This is the demand of a group of scientists. They’ve not the first clue about the subject under discussion therefore they should be given lots of power. Power to regulate the thing they’ve no clue about.
The thing is social media. They posit, rightly, that being able to communicate with millions near instantly is different from being able to grunt at the 15 others you’ve gone mammoth hunting with. Therefore this ability to communicate with millions near instantly must be studied. Well, OK.
We could and probably should answer with Chesterton’s Fence. Why is it that being able to communicate with millions near instantly over social media so popular? Because to the human bits of our brains this is in fact very like being able to grunt at the 15 we’re mammoth hunting with. It appeals to humans because it’s very like what makes humans human.

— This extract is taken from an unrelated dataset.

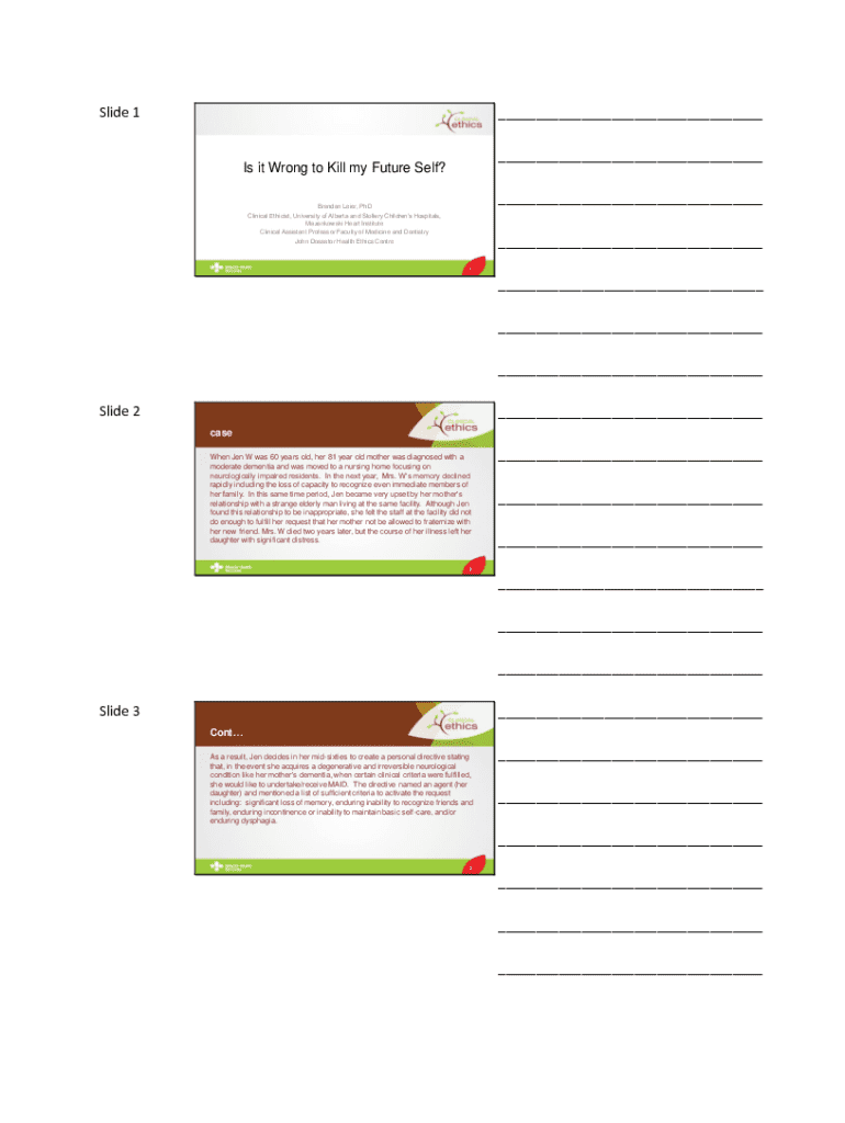 Slide 1___ ___Is it Wrong to Kill my Future Self?___Brendan Leier, PhD Clinical Ethicist, University of Alberta and Stollery Childrens Hospitals, Mazankowski Heart Institute Clinical Assistant Professor

But then comes the big switch:
The emergent functional consequences are unknown. We lack the scientific framework we would need to answer even the most basic questions that technology companies and their regulators face.
OK, so we’re all clueless.
In response, regulators and the public have doubled down on calls for reforming our social media ecosystem, with demands ranging from increased transparency and user controls to legal liability and public ownership. The basic debate is an ancient one: Are large-scale behavioral processes self-sustaining and self-correcting, or do they require active management and guidance to promote sustainable and equitable wellbeing (2, 19)? Historically, these questions have been addressed in philosophical or normative terms. Here, we build on our understanding of disturbed complex systems to argue that human social dynamics cannot be expected to yield solutions to global issues or to promote human wellbeing without evidence-based policy and ethical stewardship.
We’re clueless but it is really, no, seriously, important that us scientists be given power over social media so that it can be properly controlled. Even though, did we already say this?, we’re clueless.
And that’s science that is so shut up and agree.
There is no viable hands-off approach. Inaction on the part of scientists and regulators will hand the reins of our collective behavior over to a small number of individuals at for-profit companies. Despite the scientific and ethical challenges, the risks of inaction both in the present and for future generations necessitate stewardship of collective behavior.
Quite so, put the wise people in power, eh? What could go wrong?